Hochul Admits Her Green Agenda Is Failing, But Don’t Be Fooled
New York Governor Kathy Hochul is finally acknowledging what working-class New Yorkers and energy workers have known for years: her “green transition” fantasy is collapsing under its own weight.
Last week, Hochul admitted that the state’s pie-in-the-sky climate mandates, like 100% zero-emission electricity by 2040, aren’t even remotely possible without hurting ratepayers. Translation: New Yorkers are being gouged on their utility bills to fund an energy pipe dream that isn’t delivering.
As the New York Post editorial board correctly put it, Hochul is offering “the smallest possible concession to reality,” not because she’s had a change of heart, but because she’s cornered by economic and political reality.
Power The Future has been calling this out for years. We warned that a reckless rush to wind and solar would spike energy prices, kill good-paying jobs, and do nothing measurable for the climate. We documented the blackout risks. We saw through the virtue-signaling and empty slogans.
And now, as New York’s power grid groans under unrealistic demands and ordinary people are told to turn off their air conditioners in July, Hochul dares to say, “We’re slowing things down.” Not canceling. Not correcting. Just tapping the brakes before another election.
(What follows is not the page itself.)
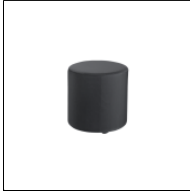
Pouf POP rond dia40 - gris

Let’s be clear: Hochul isn’t retreating from the green agenda: she’s delaying it just long enough to survive politically. She’s still:
- Blocking natural gas pipelines
- Punishing homeowners with electrification mandates
- Pouring billions into offshore wind boondoggles
- Promising energy-intensive AI and chip manufacturing jobs without the reliable power to back them up
This isn’t reform. It’s cover.
Meanwhile, the climate elite from Leonardo DiCaprio partying in Venice to green billionaires flying private jets to climate summits couldn’t care less about the people bearing the brunt of this mess. The costs aren’t landing on them. They’re landing on energy workers, on working families, and on small businesses that can’t afford to “go green” by government mandate.
The editorial board is right: none of this pain will move the needle on global climate. But it will continue to push jobs out of state, punish ratepayers, and destabilize our grid.
Governor Hochul’s admission is too little, too late. The suffering she’s caused isn’t a side effect, but it was rather baked into the agenda from the beginning. And we’ll be here to remind Americans exactly what “green leadership” really costs.